» **Exercise aim**: Your answer must be the lines from the one containing "イベント終盤にお目見えになった羽を、司会の中里弥菜さんとシェア♪" through the last line below, copied exactly, with no pictures.

» **Dataset section**:

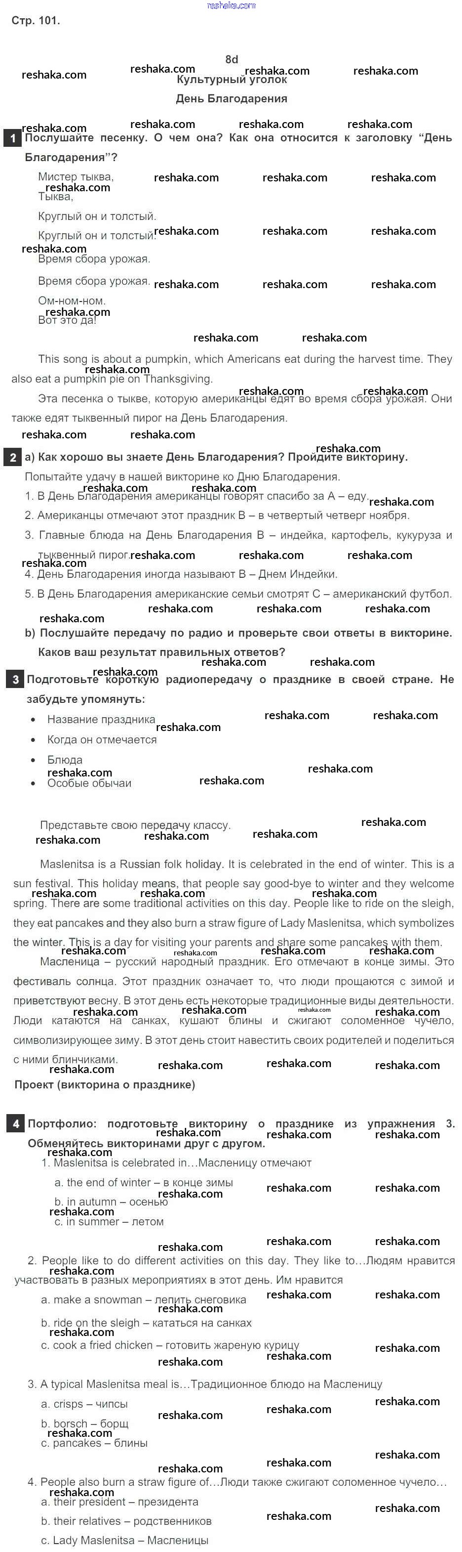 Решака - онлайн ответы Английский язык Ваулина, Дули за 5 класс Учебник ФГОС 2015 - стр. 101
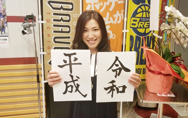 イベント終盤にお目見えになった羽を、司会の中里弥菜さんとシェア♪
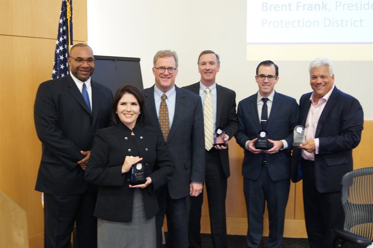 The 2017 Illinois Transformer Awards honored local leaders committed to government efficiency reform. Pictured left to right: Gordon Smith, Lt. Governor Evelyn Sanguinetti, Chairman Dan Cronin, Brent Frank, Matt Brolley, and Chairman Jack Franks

» **Output of the task**:
 イベント終盤にお目見えになった羽を、司会の中里弥菜さんとシェア♪
 The 2017 Illinois Transformer Awards honored local leaders committed to government efficiency reform. Pictured left to right: Gordon Smith, Lt. Governor Evelyn Sanguinetti, Chairman Dan Cronin, Brent Frank, Matt Brolley, and Chairman Jack Franks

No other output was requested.